In the [original project](https://github.com/NatthanonNon/HGR-TH/tree/main), They used `Python Solution API` as a hand detection, you can read more details in [their website](https://google.github.io/mediapipe/solutions/hands).

## Hand Tracking
There are only `3` events that can happen in each frame: the numbers of hand in frame is `increasing`, `decreasing` or `equaling`. So, in each events, we do the different process.

The main idea of this algorithm is comparing the center of box of each hand between the `previous frame` and the `present frame`. And using `Euclidean Distance` to compare them.

## Gesture Recognition
As `MediaPipe Hands` returns the coordinate `x`, `y` and `z` of each `21 landmarks` on each hand in frame, only coordinate `x` and `y` are used to recognize the gesture because the `z` is not robust enough.

There are `2` step in this process:
- 1. Use coordinate `x` and `y` to identify the `status` of each finger whether it is `on` or `off`
- 2. Use the status of each finger to identify the gesture by following the `Hand Gestures Definition`

To handle more than one digit, `timing` is brought into play.

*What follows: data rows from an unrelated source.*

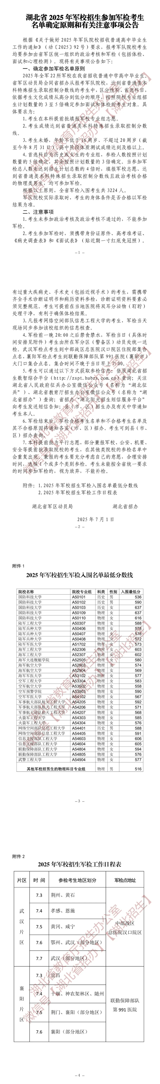 湖北省2025年軍校招生參加軍檢考生名單確定原則和有關注意事項公告
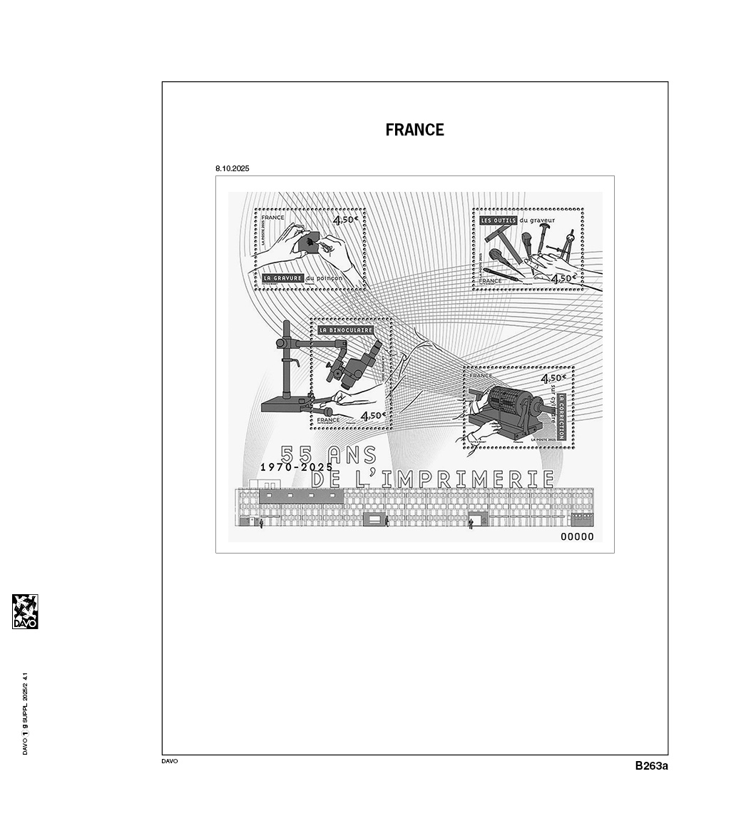 Découvrez dès maintenant la vaste gamme d'albums et de feuilles de Davo. Outre l'offre de France vous trouverez également chez nous une large gamme de feuilles préimprimées, de suppléments et d'albums d'autres pays, éventuellement pourvus du drapeau national ou des armoiries nationales. Tous ces articles sont classés par pays dans la rubrique Aperçu des pays dans notre boutique en ligne. Nous avons souvent en stock des articles légèrement utilisés, mais en bon état.
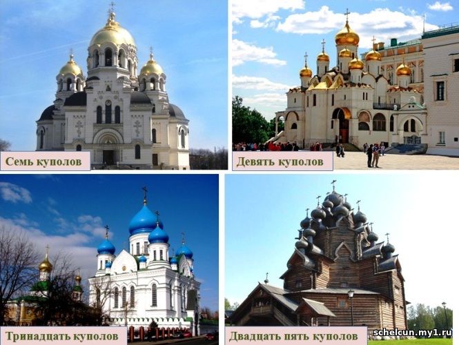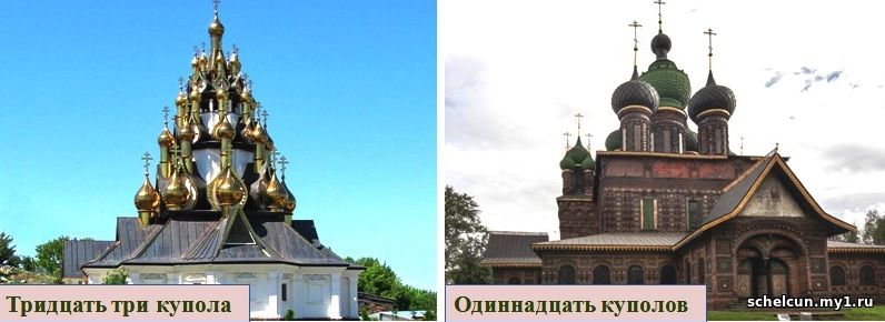 В русской архитектуре встречаются храмы с одиннадцатью (Верхоспасский собор Кремля) и с пятнадцатью (церковь усекновения главы Иоанна Предтечи в Ярославле) куполами, но это скорее исключение из правил.

And using `threshold` to indicate that the recognized gesture is correct.

## Import Dependacies

In [1]:
import cv2
import numpy as np
import mediapipe as mp

from IPython.display import clear_output
from utils import calc_landmark_list, draw_landmarks, draw_info_text

In [2]:
mp_drawing = mp.solutions.drawing_utils
mp_hands = mp.solutions.hands

In [3]:
# Colors RGB Format
BLACK  = (0, 0, 0)
RED    = (255, 0, 0)
GREEN  = (0, 255, 0)
BLUE   = (0, 0, 255)
YELLOW = (0, 255, 255)
WHITE  = (255, 255, 255)

# Constants
FONT = cv2.FONT_HERSHEY_SIMPLEX
TIMING = 10                     #@param {type: "integer"}
MAX_HANDS = 1                   #@param {type: "integer"}
min_detection_confidence = 0.6  #@param {type:"slider", min:0, max:1, step:0.01}
min_tracking_confidence  = 0.5  #@param {type:"slider", min:0, max:1, step:0.01}

current_hand = 0
gif_array = []

## Helper Functions

In [4]:
def classify_landmark(landmark):
    wrist = landmark[0]
    thump = landmark[1:5]
    index_finger = landmark[5:9]
    middle_finger = landmark[9:13]
    ring_finger = landmark[13:17]
    pinky = landmark[17:21]
    return [wrist, thump, index_finger, middle_finger, ring_finger, pinky]

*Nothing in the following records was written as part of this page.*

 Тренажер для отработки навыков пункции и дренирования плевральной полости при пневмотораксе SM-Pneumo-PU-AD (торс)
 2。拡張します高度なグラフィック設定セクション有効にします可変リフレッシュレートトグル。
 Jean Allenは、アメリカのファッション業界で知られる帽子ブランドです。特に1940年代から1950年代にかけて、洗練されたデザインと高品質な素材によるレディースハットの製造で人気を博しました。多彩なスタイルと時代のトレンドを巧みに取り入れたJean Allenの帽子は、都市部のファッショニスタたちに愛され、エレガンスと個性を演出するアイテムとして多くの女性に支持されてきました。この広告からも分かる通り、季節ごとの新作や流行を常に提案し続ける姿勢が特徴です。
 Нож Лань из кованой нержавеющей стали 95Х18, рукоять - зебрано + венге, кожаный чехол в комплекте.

def is_on(idx, finger, landmark_label):
    if idx == 0:
        if landmark_label == "Right":
            return finger[-1].x < finger[-2].x
        else:
            return finger[-1].x > finger[-2].x
    return finger[-1].y < finger[0].y


def gesture_recognition(finger_is_on):
    thump = finger_is_on[0]
    index_finger = finger_is_on[1]
    middle_finger = finger_is_on[2]
    ring_finger = finger_is_on[3]
    pinky = finger_is_on[4]
    
    # Thai Digits Hand Gesture
    if thump:
        if index_finger and middle_finger and ring_finger and pinky:
            return 5
        elif index_finger and middle_finger and ring_finger and not pinky:
            return 9
        elif index_finger and middle_finger and not ring_finger and not pinky:
            return 8
        elif index_finger and not middle_finger and not ring_finger and not pinky:
            return 7
        elif not index_finger and not middle_finger and not ring_finger and not pinky:
            return 6
    else:
        if index_finger and middle_finger and ring_finger and pinky:
            return 4
        elif index_finger and middle_finger and ring_finger and not pinky:
            return 3
        elif index_finger and middle_finger and not ring_finger and not pinky:
            return 2
        elif index_finger and not middle_finger and not ring_finger and not pinky:
            return 1
        elif not index_finger and not middle_finger and not ring_finger and not pinky:
            return 0

    # Unknown Gesture
    return "?"


def recognition(landmark, handness):
    landmark = landmark.landmark
    handness = handness.classification[0].label
    
    hand_landmark = classify_landmark(landmark)
    finger_landmark = hand_landmark[1:]
    
    finger_is_on = []
    for idx, finger in enumerate(finger_landmark):
        finger_is_on.append(is_on(idx, finger, handness))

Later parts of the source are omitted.